The ongoing Russia-Ukraine war and renewed lockdowns in parts of China due to the resurgence of Covid-19 will drag India's economic growth, said a report from rating agency ICRA.
ICRA has reduced its forecast of the year-on-year (YoY) growth of the Indian GDP in the financial year 2022-2023 (FY23) to 7.2 percent from 8 percent.
The rating agency projects the GDP expansion in FY2022 at 8.5 percent, modestly lower than the National Statistical Office’s (NSO’s) second advance estimate of 8.9 percent.
ICRA noted that economic activity rebounded after the rapid abatement of the third wave of Covid-19 in February 2022 and the lifting of the state-wise restrictions. As expected, the third wave had a much smaller impact on confidence levels relative to the first two waves.

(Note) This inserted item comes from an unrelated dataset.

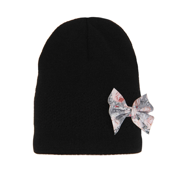 Flicka vintermössa, svart, ajour, ribbad, Kleo
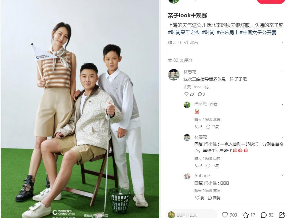 王皓这次能多休息几天了。 王皓从印度回来后,还和小雅一起陪海苔去上海参加高尔夫球的活动了,一家三口还拍了难得的亲子照,就是少了螺螺,看到有网友说:“小雅姐的三位男嘉宾凑齐好难呀,不是训练是比赛,不是比赛是上学。”看到小雅还回复了说确实是这样的,海苔这孩子看着就长大了,高尔夫打的也不错,海螺是从小学习乒乓球,现在也开始参加一些比赛了,小雅把两个孩子培养的都很好。 亚锦赛结束后,梁靖崑发了动态,小雅来留言说看着大家都瘦了,就皓哥没有瘦,梁靖崑跟小雅姐说王皓教练压力最大,回家了多给他补补。这不回到家后,王皓和家人在一起时,心情是真的很好啊,一下子就年轻了,一家四口都是高颜值。看到有网友说:“哈哈哈,怎么是皓哥坐着露腿拍照。”小雅回复说:“得把瘦的地方露出来”。 看到下一站的WTT蒙彼利埃冠军赛,王楚钦、林诗栋、梁靖崑都退赛了,那王皓应该就不跟赛了,志强教练估计会跟赛。这段时间运动员们都回省队备战全运会了,王皓也能多休息几天,好好陪陪家人。

While the early data for March 2022 is mixed, the Russia-Ukraine conflict and the associated surge in commodity prices have heightened uncertainty, and the expected margin compression is likely to squeeze GVA growth. ICRA expects the YoY growth in real GDP to moderate to 3-4 percent in Q4 FY22 from 5.4 percent in Q3 FY22. The YoY expansion in real GDP is, therefore, projected at 8.5 percent in FY22, a mild rise of 1.3 percent relative to FY20 levels.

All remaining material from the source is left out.